In re Bray

Learned, P. J.

Bray was brought before the recorder of Binghamton,' holding a court of special sessions, and was charged with the offense of assault .and battery. He pleaded not guilty, demanded a jury, was tried, and convicted. The certificate of conviction adjudged that he be imprisoned in the .Albany county penitentiary for the term of three months, or pay a fine of $100, *367and be imprisoned until it be paid, not exceeding three months. The commitment is slightly different. It recites that it was adjudged that Bray should pay a fine of $100, and in default of payment should be imprisoned in the Albany county penitentiary for the term of three months, and directs the keeper of the penitentiary to keep him until discharged according to law. Two questions are raised in this certiorari: (1) As to the jurisdiction of the recorder; (2) as to the validity of the sentence.

Chapter 214, Laws 1888, p. 334, § 3, gives the recorder authority to hold courts of special sessions, and says: “Said court shall render judgment upon such conviction, and shall inflict such punishment * * * as any other court having jurisdiction of the offense could inflict; and shall have the same jurisdiction to sentence and punish the persons so convicted as courts of sessions or courts of oyer and terminer have for the same offense.” I think the charge of assault and battery must be equivalent to a charge of assault in the third degree. Pen. Code, § 219. Assault in the third degree is, by section 222 of the same Code, punishable by imprisonment for one year, or a fine of not more than $500, or both. But by section 56, Code Crim. Proc., courts of special sessions, except in New York and Albany, have exclusive jurisdiction of assault in the third degree; and, by section 717 of the same Code, the punishment which may be inflicted by such courts is limited to a fine of $50, or imprisonment for six months. Section 62, Code Crim. Proc., provides that a court of special sessions is to be held by one justice of the peace, “unless provision is otherwise made by law,” and provision is thus made in the city of Binghamton. This provision gives the recorder the same power to sentence and punish the persons so convicted as courts of sessions or courts of oyer and terminer have for the same offense. Now, if a prisoner were convicted of assault in the third degree in either of those courts, section 222 of the Penal Code would apply. But the relator argues that courts of special sessions have exclusive jurisdiction. Section 56, Code Crim. Proc. On the other hand, a prisoner indicted for assault in the first degree might be convicted in a court of oyer and terminer of assault in the third degree, and a person so convicted might be punished under section 222, Pen. Code. I think, therefore, that the clause above cited from the Binghamton charter was intended to enlarge the power of the recorder holding special sessions as to the extent of punishment he can impose. It is analogous to the third subdivision of section 68, Code Crim. Proc., and the fourth subdivision of section 64 of the same Code, which give these increased powers of punishment to the special sessions of Albany, and to the special sessions of New York.

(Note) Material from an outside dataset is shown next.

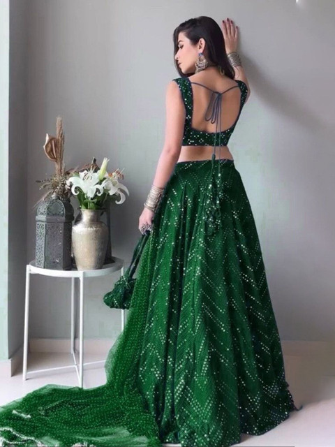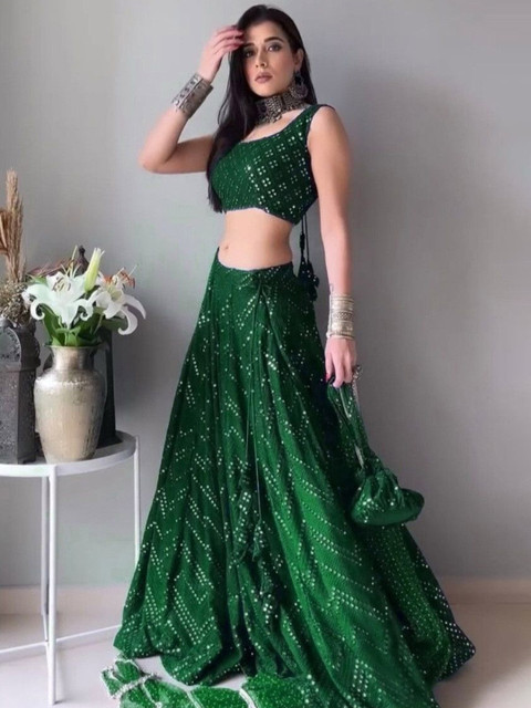 Green embellished lehenga choli with dupatta, sequinned

It is next urged that the sentence is void because in the alternative. The Code of Criminal Procedure (sections 484, 718) authorizes the court which imposes a fine to direct that defendant be imprisoned until the fine be paid, specifying the extent of the imprisonment, not to exceed one day for every dollar. That is what was done in this case.' The commitment expresses this exactly, reciting that defendant was adjudged to pay a fine of $100, and in default to be imprisoned for three months. Three months are less than 100 days. Whenever defendant should pay his fine he would be entitled to his discharge. The certificate of judgment is not quite as plain, because, owing to the use of a printed form, the words “three months” are twice inserted. But there can be no misunderstanding as to the commitment directing the keeper of the penitentiary to hold Bray. That recites the imposition of a fine, and the judgment that in default he be imprisoned the specified time of three months. I think it would be unreasonable to hold that the certificate of conviction had any other meaning. I do not mean to say that a sentence plainly in the alternative is good; but the law authorizes the imposition of a fine, and of imprisonment until it be paid, for a specified time, not exceeding the statutory limit. Here the fine is imposed, the time of imprisonment specified; it does not exceed the limit, and Bray does not claim to have paid his fine. The mean*368ing of the sentence is plain, the commitment makes it clear, and no injustice is-done to the prisoner. The prisoner is remanded to the custody of the keeper of the penitentiary.